__DIRECTIONS FOR THIS TASK__
Return nothing but the lines from the one with "خامساً: وهل يصدّق" through the one with "리프팅 + 크로스바)" in the data below, word for word and without pictures.

-- AVAILABLE DATA follows --

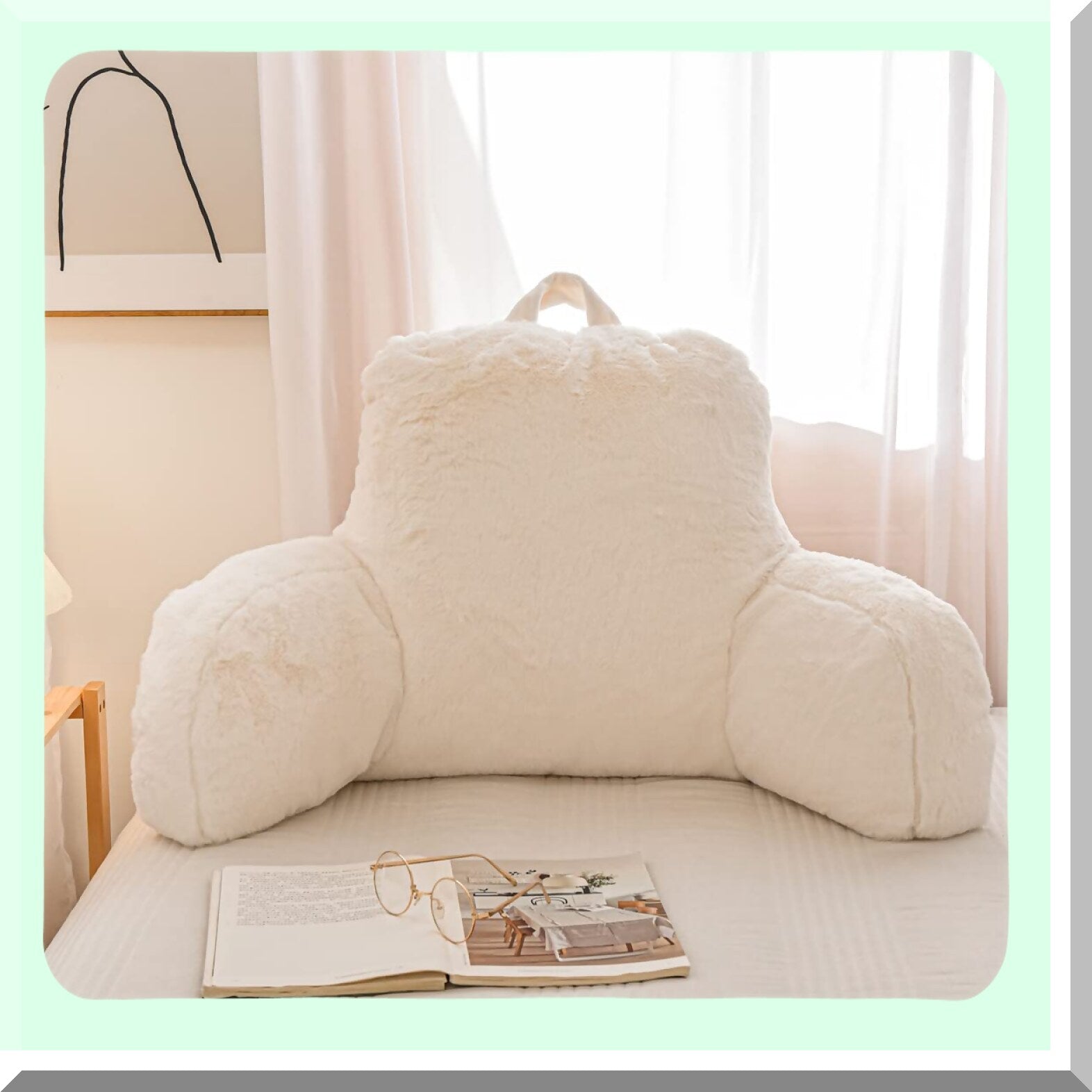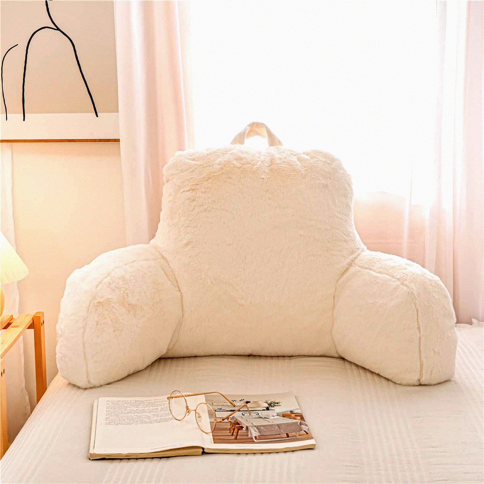 CozyRest Arm Support Reading Pillow - Large Bed Rest Pillow with Wrist Support, Arm Rests, and Back Support for Kids - Ideal for Lounging, Reading, Working on Laptop, Watching TV - White, Large
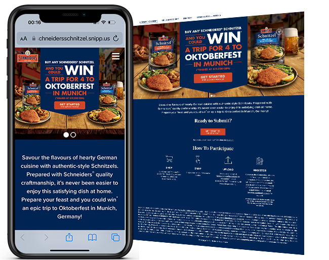 Snipp developed a bi-lingual purchase based sweepstakes program where consumers who purchased qualifying Schneiders Schnitzel products could upload their receipt at https://schneiders.ca/promotions/ (English) https://schneiders.ca/fr/promotions/ (French) and register and earn one sweepstakes entry per participating product purchased to win a trip for 4 to Oktoberfest in Munich!
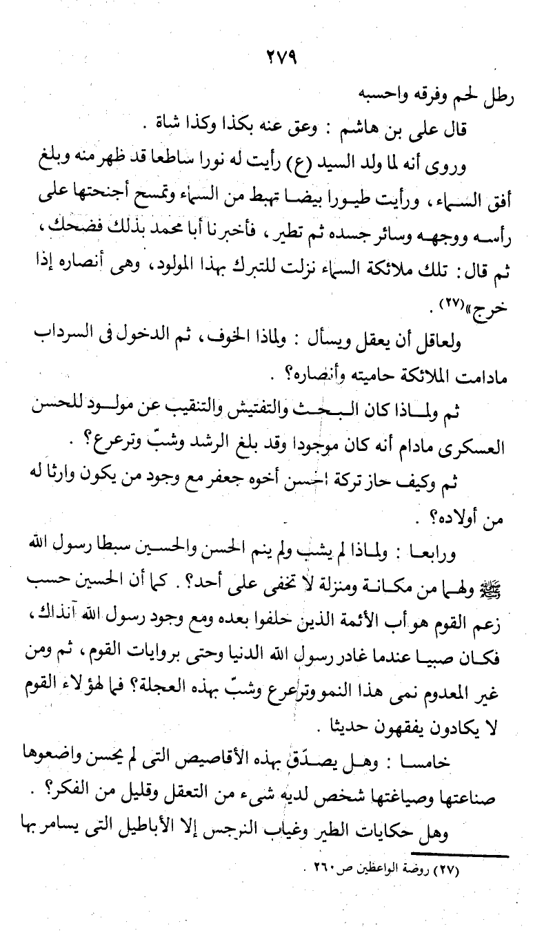 خامساً: وهل يصدّق بهذه الأقاصيص التي لم يحسن واضعوها صناعتها وصياغتها شخص لديه شىء من التعقل وقليل من الفكر؟.
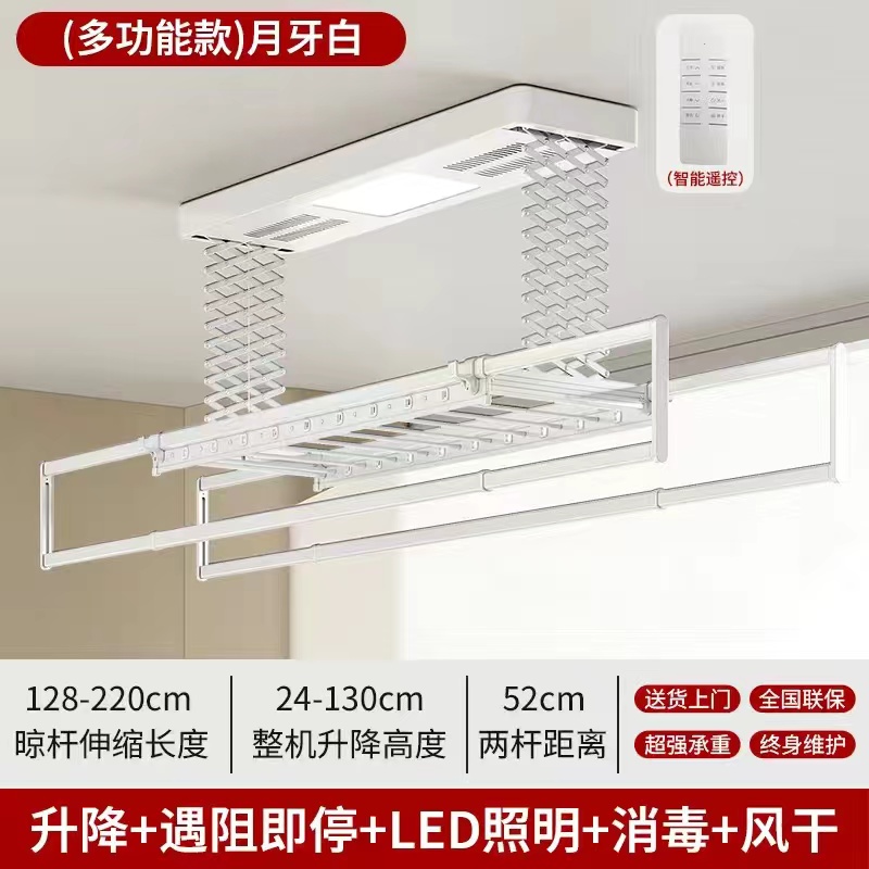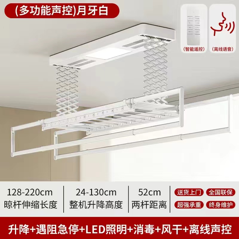 • [2열 가위걸이, 이중 내하중] 초승달 백색 공기 건조 음성 모델(음성 제어 + 공기 건조 + 소독 + 조명 + 리프팅 + 크로스바)
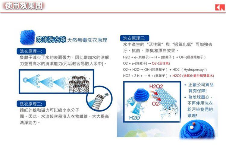 1: laundry ball In the washing process, the multi-component particles with water release a large number of negative ions and strong far-infrared, cut off the hydrogen of water molecules combine to make water molecules micronized to form active water molecules, while he also reduces water ORP value And the surface tension, increase the PH value, so that water molecules easily penetrate into the clothing fiber so that stains and fibers can be loosened, the stains quickly separated from the fibers in the washing machine stirring to achieve strong decontamination effect.

-- AVAILABLE DATA concluded --

__ANSWER BOX__
 خامساً: وهل يصدّق بهذه الأقاصيص التي لم يحسن واضعوها صناعتها وصياغتها شخص لديه شىء من التعقل وقليل من الفكر؟.
 • [2열 가위걸이, 이중 내하중] 초승달 백색 공기 건조 음성 모델(음성 제어 + 공기 건조 + 소독 + 조명 + 리프팅 + 크로스바)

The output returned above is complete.